=== Supplied information ===
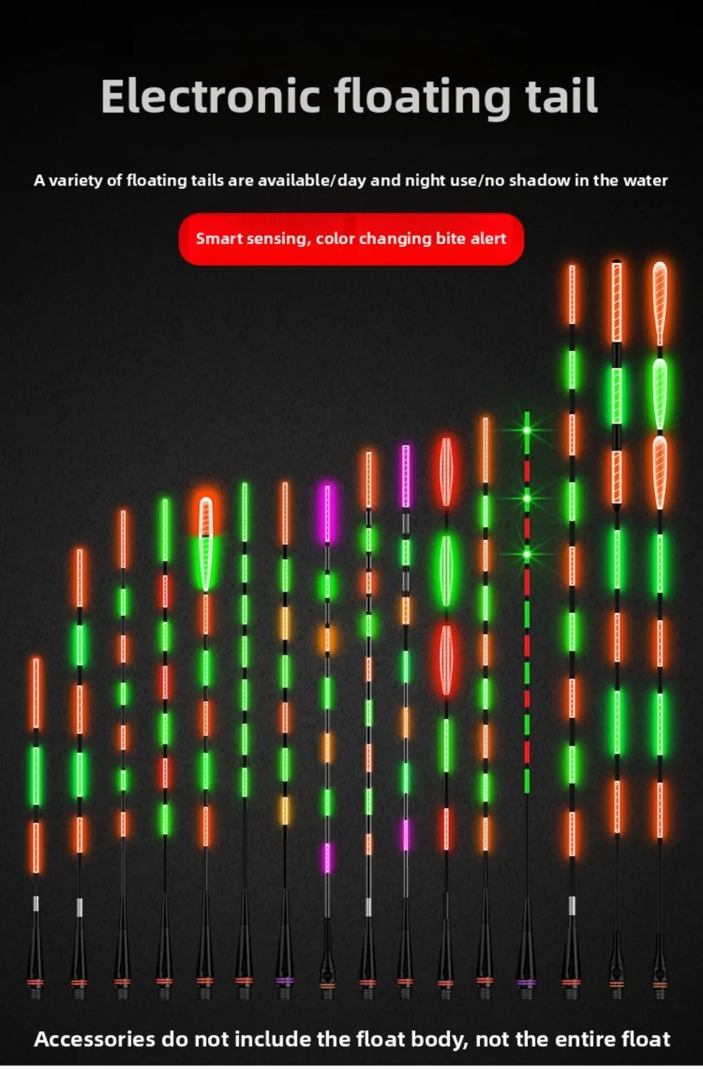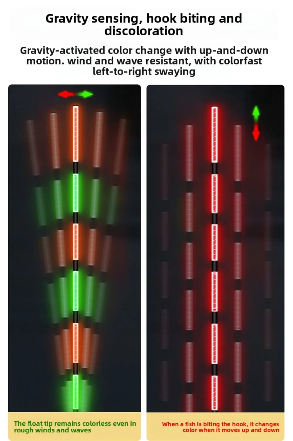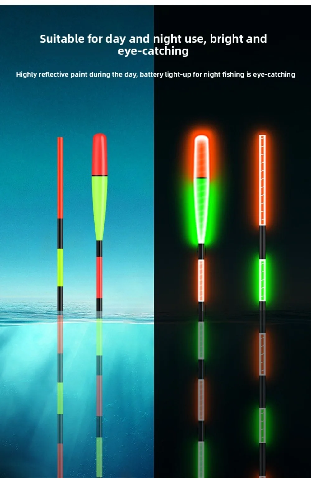 Note:Electronic float, suitable for day and night use, does not change color when biting the hook
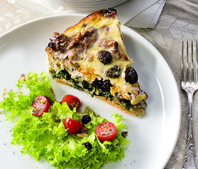 3. Umyj szpinak, sparz go wrzątkiem i odcedź. Winogrona skrój w połówki, cebulę w piórka. Na foremkę z upieczonymi batatami połóż warstwami szpinak, podudzia, winogrona, cebulę i ser Lazur. Dodaj żurawinę i orzechy włoskie na wierzch.
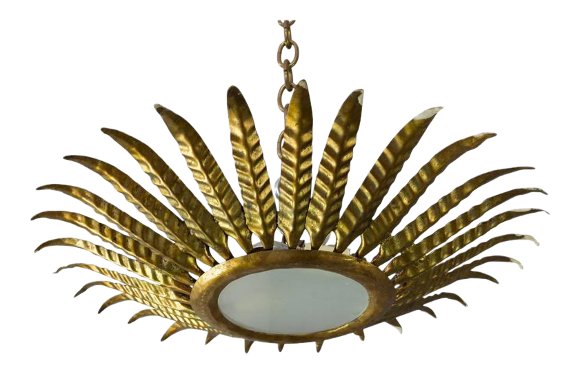 Mid Century Spanish Sunburst Gilt Crown Ceiling Fixture For Sale
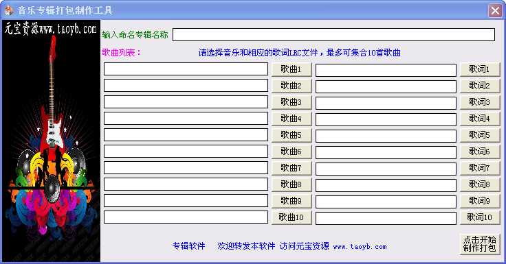 音乐专辑打包制作让你轻松制作属于自己的音乐专辑,可以将10首歌的制作成EXE文件,打包后的音乐exe可以在电脑任意运行,欢迎下载使用!
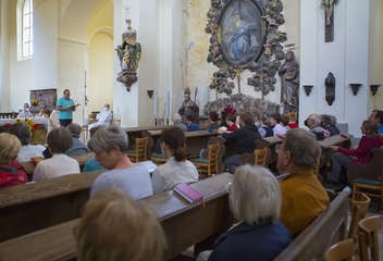 6. srpna se konala tradiční poutní mše umělců (lívancová pouť) v Manětíně. Mši svatou celebroval P. Martin Sedloň. Fotila Soňa Pikrtová.
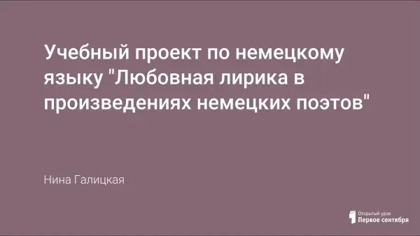 В своей работе я предлагаю ребятам старших классов творческие задания по переводу немецкой лирики. Стихи о благороднейших человеческих чувствах, озаряющих сердца и судьбы, стихи, в которых печаль о неразделённой любви нередко скрашивается радостными интонациями, созвучны с состоянием души и настроением подростков.
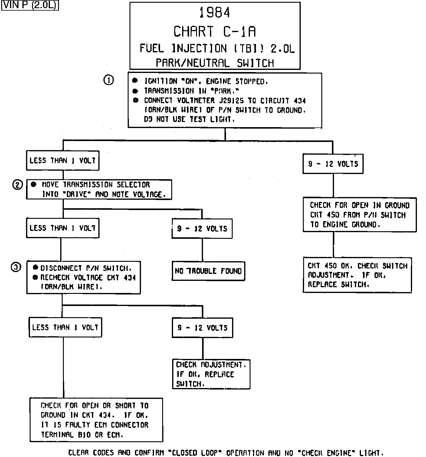 CHART C-1A, PARK/NEUTRAL SWITCH
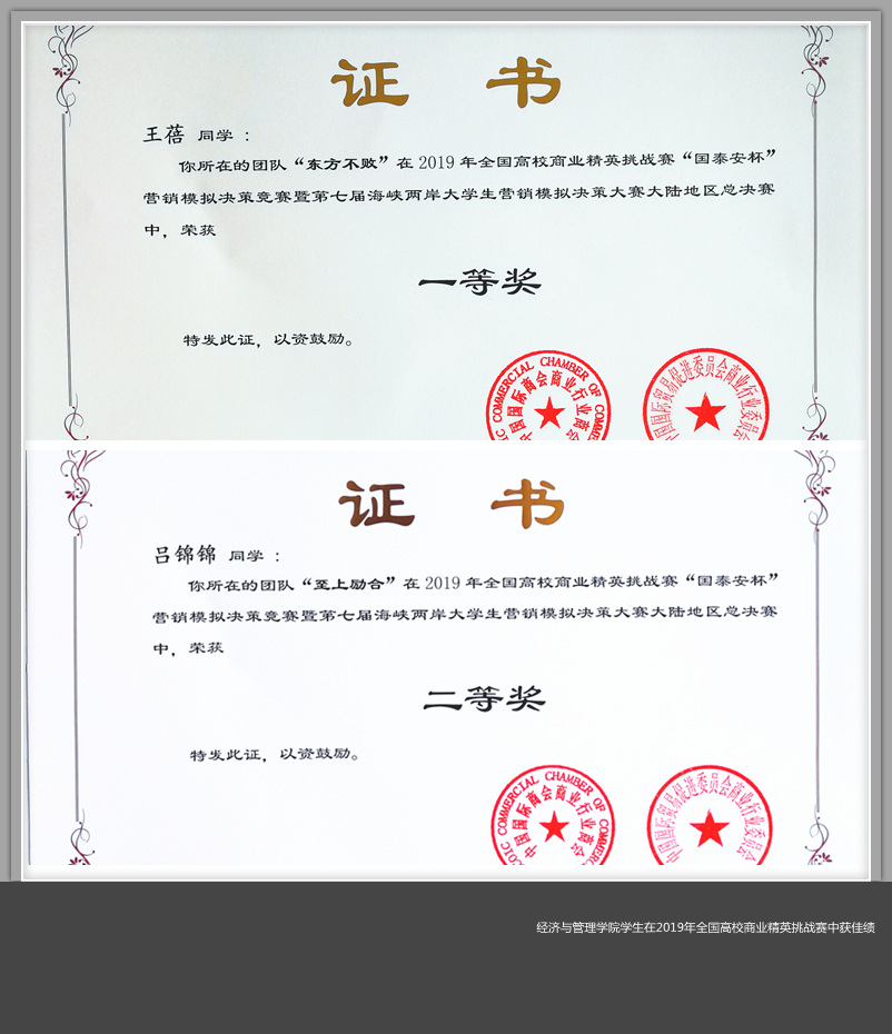 市场营销专业两支代表队在2019年全国高校商业精英挑战赛营销模拟决策竞赛暨第七届海峡两岸大学生营销模拟决策大赛大陆地区总决赛中,分别获得一等奖和二等奖。
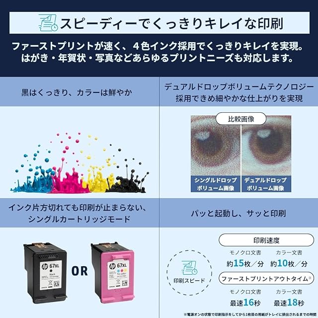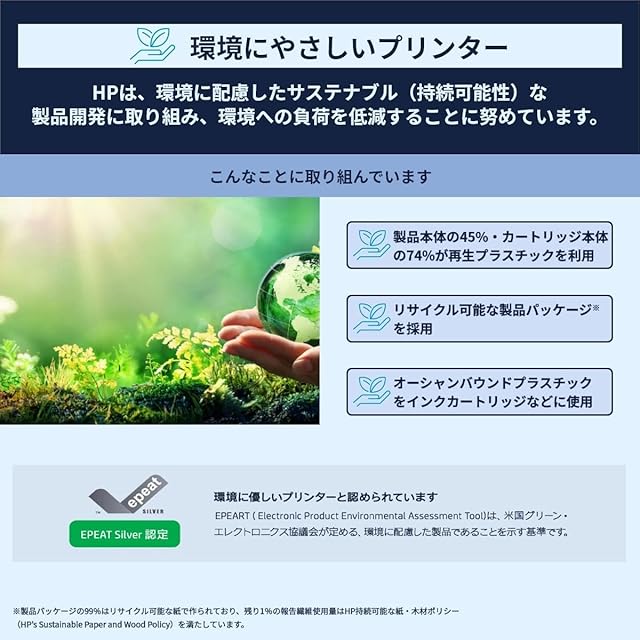 環境にやさしい、サステナブルなプリンター:製品本体の45%・カートリッジ本体の74%が再生プラスチックを利用。EPEAT Silver 認定 【対応インク】HP804・804XL(黒、カラー)
===
What to work on
Pictures excluded, give again exactly and only the lines of the material above from the line with "3. Umyj szpinak, sparz" through the line with "6. srpna se".

Response
 3. Umyj szpinak, sparz go wrzątkiem i odcedź. Winogrona skrój w połówki, cebulę w piórka. Na foremkę z upieczonymi batatami połóż warstwami szpinak, podudzia, winogrona, cebulę i ser Lazur. Dodaj żurawinę i orzechy włoskie na wierzch.
 Mid Century Spanish Sunburst Gilt Crown Ceiling Fixture For Sale
 音乐专辑打包制作让你轻松制作属于自己的音乐专辑,可以将10首歌的制作成EXE文件,打包后的音乐exe可以在电脑任意运行,欢迎下载使用!
 6. srpna se konala tradiční poutní mše umělců (lívancová pouť) v Manětíně. Mši svatou celebroval P. Martin Sedloň. Fotila Soňa Pikrtová.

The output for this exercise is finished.